Meteorix commented on a change in pull request #25:
URL: https://github.com/apache/tvm-rfcs/pull/25#discussion_r707008317



##########
File path: rfcs/0025-add-pytorch-tvm.md
##########
@@ -0,0 +1,265 @@
+- Feature Name: PyTorchTVM
+- Start Date: 2021-08-24
+- RFC PR: [apache/tvm-rfcs#0025](https://github.com/apache/tvm-rfcs/pull/25)
+- GitHub Issue: TODO
+
+# Summary
+[summary]: #summary
+
+This RFC add a `PyTorchTVM` module to support: offload subgraphs of 
TorchScript to TVM, and then embed those TVM-accelerated subgraphs back to 
TorchScript for runtime execution.
+
+To help boost model performance and enhance TVM adoption for machine learning 
practitioners who often use PyTorch, `PyTorchTVM` is proposed for seamless 
integration for TVM in TorchScript, and its workflow is demonstrated as follows:
+1. Convert a TorchScript module (or submodule) to TVM graph (Relay)

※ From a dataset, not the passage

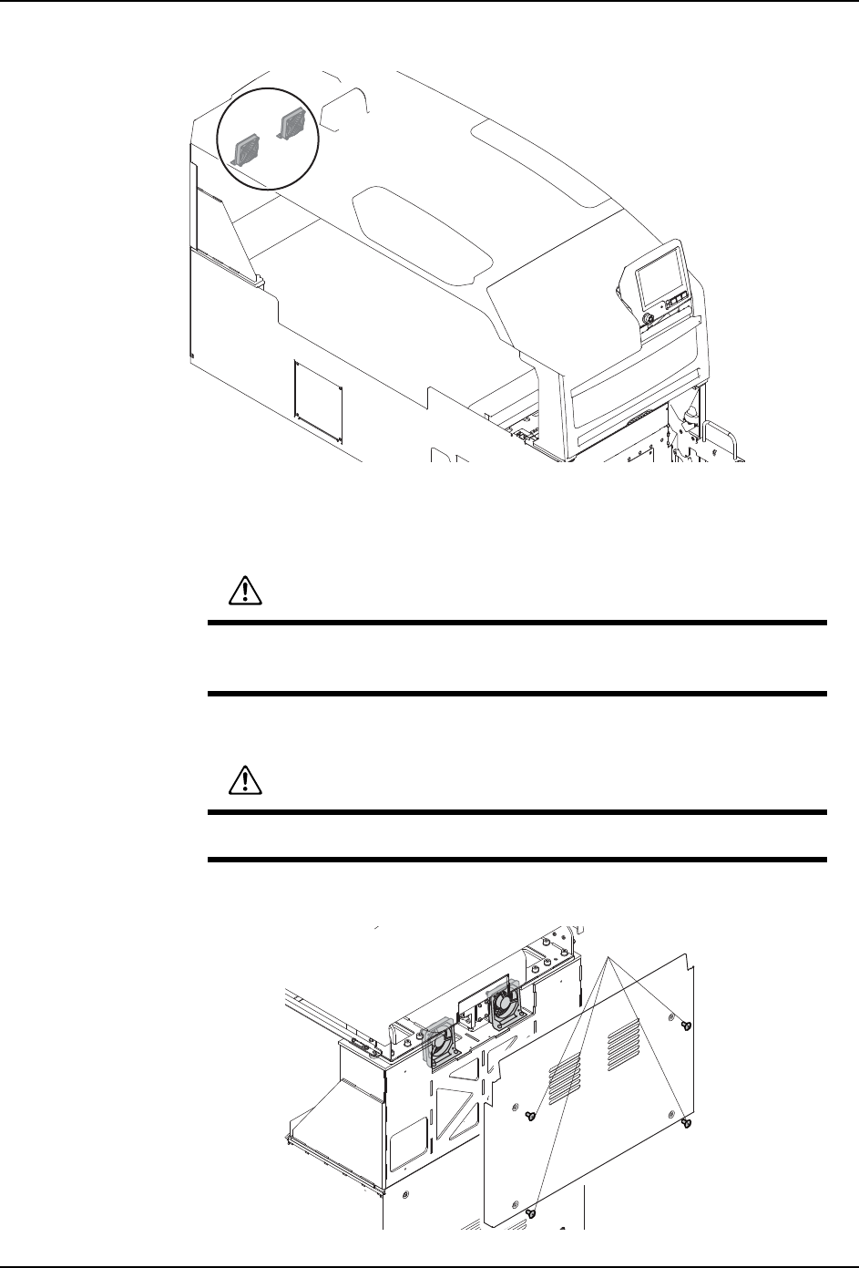 备注 )更换模组冷却风扇时,有必要拆除侧盖板。在模组后方有连接盖罩条的时候,因为会

+2. Optimize and compile the TVM graph with auto-tuning
+3. Export and embed the optimized TVM module as a PyTorch custom op
+4. The embedded custom op works smoothly with TorchScript (both 
`torch.jit.trace` and `torch.jit.script`), without tangible difference with 
normal PyTorch models, i.e. it can be saved to disk, loaded back and served 
online with no change in the overall workflow
+
+
+
+# Motivation
+[motivation]: #motivation
+
+PyTorch enjoys increasing popularity among machine learning research community 
as well as in industrial production environment. However, it is still a missing 
piece as a generic, comprehensive and effective toolchain to accelerate 
real-world models and workloads in PyTorch, which raises primary concern in 
performance-critical production environments.
+
+Below are the two classic acceleration workflows as the status quo:
+- PyTorch -> ONNX -> TensorRT/TVM
+- PyTorch -> TorchScript -> TensorRT/TVM
+
+However, both workflows introduce one level of indirection, which means flaws 
of either levels are inherited in the pipeline. For example:
+- ONNX offers no support for models with dynamic control flow, so the first 
workflow is unable to support models with dynamic control flow
+- The coverage of TensorRT is often limited to a range of standard neural 
networks, so both of the workflows, if offloaded to TensorRT, are hard to be 
effective on real-world models.
+
+Furthermore, both of the existing workflows don't provide any benefit of an 
interface that is practical enough for researchers to widely adopt and reuse. 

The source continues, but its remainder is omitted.